YOUR GOAL: The whole listing, please: repeat it exactly, with the pictures left out.

COLLECTED MATERIAL:
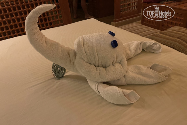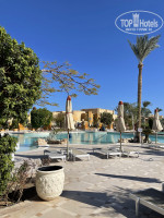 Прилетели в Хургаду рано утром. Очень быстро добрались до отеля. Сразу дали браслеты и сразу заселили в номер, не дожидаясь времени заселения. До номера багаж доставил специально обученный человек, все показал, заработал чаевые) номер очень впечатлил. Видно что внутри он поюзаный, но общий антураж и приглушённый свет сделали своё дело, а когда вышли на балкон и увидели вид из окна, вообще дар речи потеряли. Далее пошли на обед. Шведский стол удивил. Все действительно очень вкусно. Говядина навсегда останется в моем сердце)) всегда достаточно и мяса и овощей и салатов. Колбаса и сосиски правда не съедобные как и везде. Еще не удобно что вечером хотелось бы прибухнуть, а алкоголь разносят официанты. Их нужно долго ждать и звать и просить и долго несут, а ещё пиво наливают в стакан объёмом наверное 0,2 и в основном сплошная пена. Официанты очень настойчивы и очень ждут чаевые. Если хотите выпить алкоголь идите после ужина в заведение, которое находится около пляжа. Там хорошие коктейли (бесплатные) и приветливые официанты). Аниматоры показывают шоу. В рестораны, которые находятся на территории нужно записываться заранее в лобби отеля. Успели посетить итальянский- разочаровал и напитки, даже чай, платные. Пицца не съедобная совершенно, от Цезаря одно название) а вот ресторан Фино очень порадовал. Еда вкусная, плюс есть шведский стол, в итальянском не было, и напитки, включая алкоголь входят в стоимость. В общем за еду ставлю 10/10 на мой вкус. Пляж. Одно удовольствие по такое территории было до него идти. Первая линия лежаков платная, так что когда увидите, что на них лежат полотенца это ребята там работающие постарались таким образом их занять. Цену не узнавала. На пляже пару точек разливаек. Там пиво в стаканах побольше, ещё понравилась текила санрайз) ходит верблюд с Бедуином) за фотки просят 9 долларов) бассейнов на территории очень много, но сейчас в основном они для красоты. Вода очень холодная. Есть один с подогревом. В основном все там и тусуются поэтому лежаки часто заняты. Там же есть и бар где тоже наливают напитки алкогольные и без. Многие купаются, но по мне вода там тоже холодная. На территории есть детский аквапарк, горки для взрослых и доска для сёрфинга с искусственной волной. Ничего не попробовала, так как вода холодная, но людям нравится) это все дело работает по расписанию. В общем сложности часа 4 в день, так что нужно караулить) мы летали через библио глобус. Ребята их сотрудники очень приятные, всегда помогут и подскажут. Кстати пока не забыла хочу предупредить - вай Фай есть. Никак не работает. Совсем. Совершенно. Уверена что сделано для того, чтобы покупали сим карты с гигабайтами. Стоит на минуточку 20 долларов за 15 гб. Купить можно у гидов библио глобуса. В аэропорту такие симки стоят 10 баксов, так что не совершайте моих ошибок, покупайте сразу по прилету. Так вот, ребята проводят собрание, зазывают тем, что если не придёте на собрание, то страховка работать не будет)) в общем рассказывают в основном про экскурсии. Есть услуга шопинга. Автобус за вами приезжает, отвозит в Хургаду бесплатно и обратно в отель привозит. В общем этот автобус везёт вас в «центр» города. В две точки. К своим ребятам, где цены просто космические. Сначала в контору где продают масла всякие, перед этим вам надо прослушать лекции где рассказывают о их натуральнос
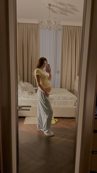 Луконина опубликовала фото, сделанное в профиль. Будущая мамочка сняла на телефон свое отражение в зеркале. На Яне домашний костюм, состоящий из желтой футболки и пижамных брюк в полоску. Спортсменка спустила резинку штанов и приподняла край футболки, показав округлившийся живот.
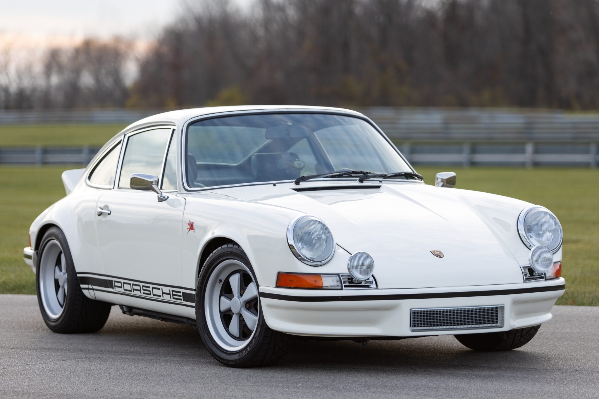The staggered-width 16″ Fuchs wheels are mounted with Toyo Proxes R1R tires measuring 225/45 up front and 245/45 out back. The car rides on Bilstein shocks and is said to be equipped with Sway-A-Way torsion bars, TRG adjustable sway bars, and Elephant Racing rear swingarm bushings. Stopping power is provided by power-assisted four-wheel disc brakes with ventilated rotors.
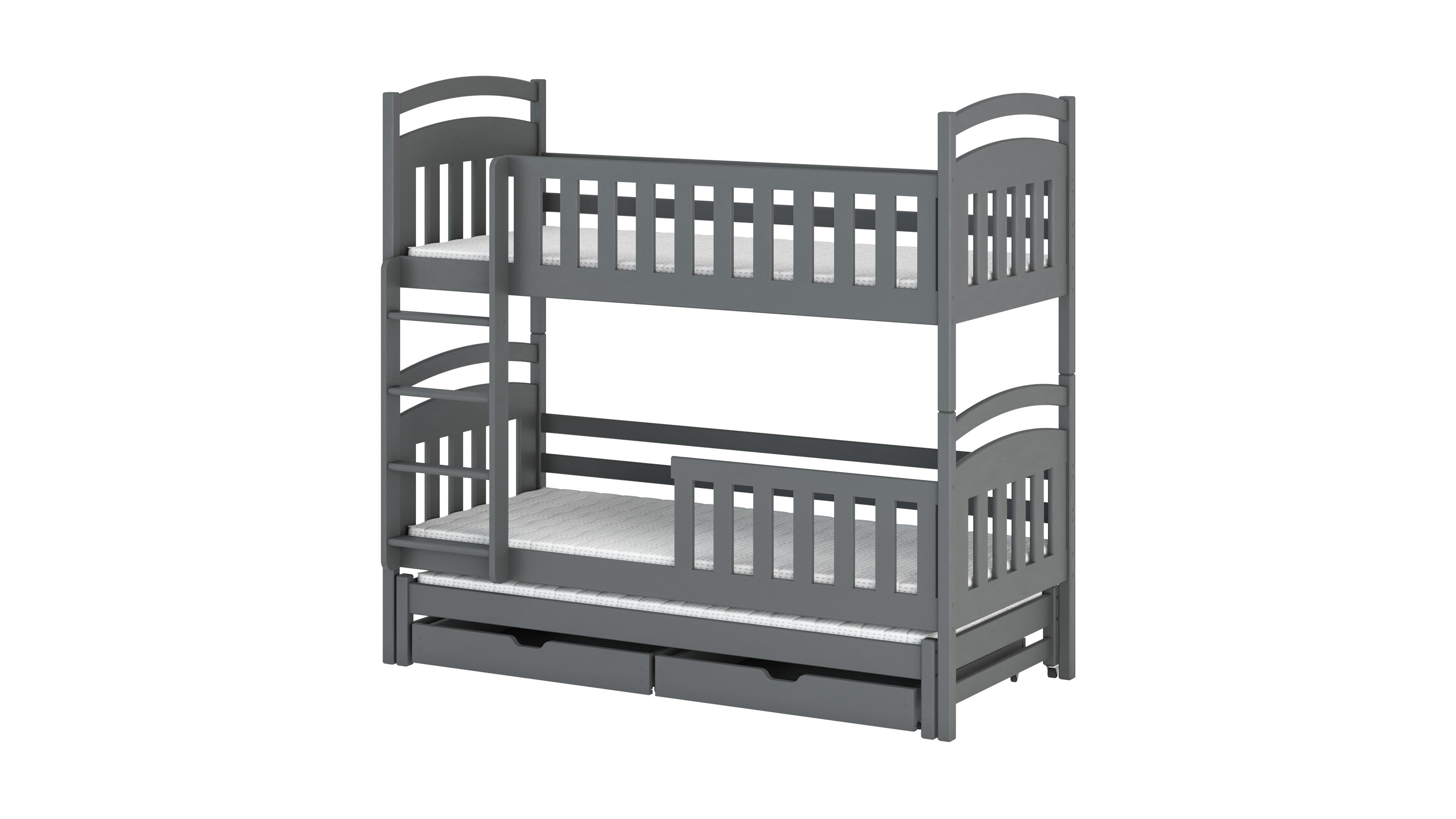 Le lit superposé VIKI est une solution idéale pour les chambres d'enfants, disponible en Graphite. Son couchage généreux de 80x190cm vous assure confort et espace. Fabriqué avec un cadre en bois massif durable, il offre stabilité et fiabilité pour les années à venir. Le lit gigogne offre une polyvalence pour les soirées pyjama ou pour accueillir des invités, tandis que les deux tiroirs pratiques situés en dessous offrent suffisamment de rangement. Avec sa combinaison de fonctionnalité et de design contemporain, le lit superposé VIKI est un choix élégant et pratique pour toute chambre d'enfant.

OUTPUT OF THE TASK:
 Прилетели в Хургаду рано утром. Очень быстро добрались до отеля. Сразу дали браслеты и сразу заселили в номер, не дожидаясь времени заселения. До номера багаж доставил специально обученный человек, все показал, заработал чаевые) номер очень впечатлил. Видно что внутри он поюзаный, но общий антураж и приглушённый свет сделали своё дело, а когда вышли на балкон и увидели вид из окна, вообще дар речи потеряли. Далее пошли на обед. Шведский стол удивил. Все действительно очень вкусно. Говядина навсегда останется в моем сердце)) всегда достаточно и мяса и овощей и салатов. Колбаса и сосиски правда не съедобные как и везде. Еще не удобно что вечером хотелось бы прибухнуть, а алкоголь разносят официанты. Их нужно долго ждать и звать и просить и долго несут, а ещё пиво наливают в стакан объёмом наверное 0,2 и в основном сплошная пена. Официанты очень настойчивы и очень ждут чаевые. Если хотите выпить алкоголь идите после ужина в заведение, которое находится около пляжа. Там хорошие коктейли (бесплатные) и приветливые официанты). Аниматоры показывают шоу. В рестораны, которые находятся на территории нужно записываться заранее в лобби отеля. Успели посетить итальянский- разочаровал и напитки, даже чай, платные. Пицца не съедобная совершенно, от Цезаря одно название) а вот ресторан Фино очень порадовал. Еда вкусная, плюс есть шведский стол, в итальянском не было, и напитки, включая алкоголь входят в стоимость. В общем за еду ставлю 10/10 на мой вкус. Пляж. Одно удовольствие по такое территории было до него идти. Первая линия лежаков платная, так что когда увидите, что на них лежат полотенца это ребята там работающие постарались таким образом их занять. Цену не узнавала. На пляже пару точек разливаек. Там пиво в стаканах побольше, ещё понравилась текила санрайз) ходит верблюд с Бедуином) за фотки просят 9 долларов) бассейнов на территории очень много, но сейчас в основном они для красоты. Вода очень холодная. Есть один с подогревом. В основном все там и тусуются поэтому лежаки часто заняты. Там же есть и бар где тоже наливают напитки алкогольные и без. Многие купаются, но по мне вода там тоже холодная. На территории есть детский аквапарк, горки для взрослых и доска для сёрфинга с искусственной волной. Ничего не попробовала, так как вода холодная, но людям нравится) это все дело работает по расписанию. В общем сложности часа 4 в день, так что нужно караулить) мы летали через библио глобус. Ребята их сотрудники очень приятные, всегда помогут и подскажут. Кстати пока не забыла хочу предупредить - вай Фай есть. Никак не работает. Совсем. Совершенно. Уверена что сделано для того, чтобы покупали сим карты с гигабайтами. Стоит на минуточку 20 долларов за 15 гб. Купить можно у гидов библио глобуса. В аэропорту такие симки стоят 10 баксов, так что не совершайте моих ошибок, покупайте сразу по прилету. Так вот, ребята проводят собрание, зазывают тем, что если не придёте на собрание, то страховка работать не будет)) в общем рассказывают в основном про экскурсии. Есть услуга шопинга. Автобус за вами приезжает, отвозит в Хургаду бесплатно и обратно в отель привозит. В общем этот автобус везёт вас в «центр» города. В две точки. К своим ребятам, где цены просто космические. Сначала в контору где продают масла всякие, перед этим вам надо прослушать лекции где рассказывают о их натуральнос
 Луконина опубликовала фото, сделанное в профиль. Будущая мамочка сняла на телефон свое отражение в зеркале. На Яне домашний костюм, состоящий из желтой футболки и пижамных брюк в полоску. Спортсменка спустила резинку штанов и приподняла край футболки, показав округлившийся живот.
The staggered-width 16″ Fuchs wheels are mounted with Toyo Proxes R1R tires measuring 225/45 up front and 245/45 out back. The car rides on Bilstein shocks and is said to be equipped with Sway-A-Way torsion bars, TRG adjustable sway bars, and Elephant Racing rear swingarm bushings. Stopping power is provided by power-assisted four-wheel disc brakes with ventilated rotors.
 Le lit superposé VIKI est une solution idéale pour les chambres d'enfants, disponible en Graphite. Son couchage généreux de 80x190cm vous assure confort et espace. Fabriqué avec un cadre en bois massif durable, il offre stabilité et fiabilité pour les années à venir. Le lit gigogne offre une polyvalence pour les soirées pyjama ou pour accueillir des invités, tandis que les deux tiroirs pratiques situés en dessous offrent suffisamment de rangement. Avec sa combinaison de fonctionnalité et de design contemporain, le lit superposé VIKI est un choix élégant et pratique pour toute chambre d'enfant.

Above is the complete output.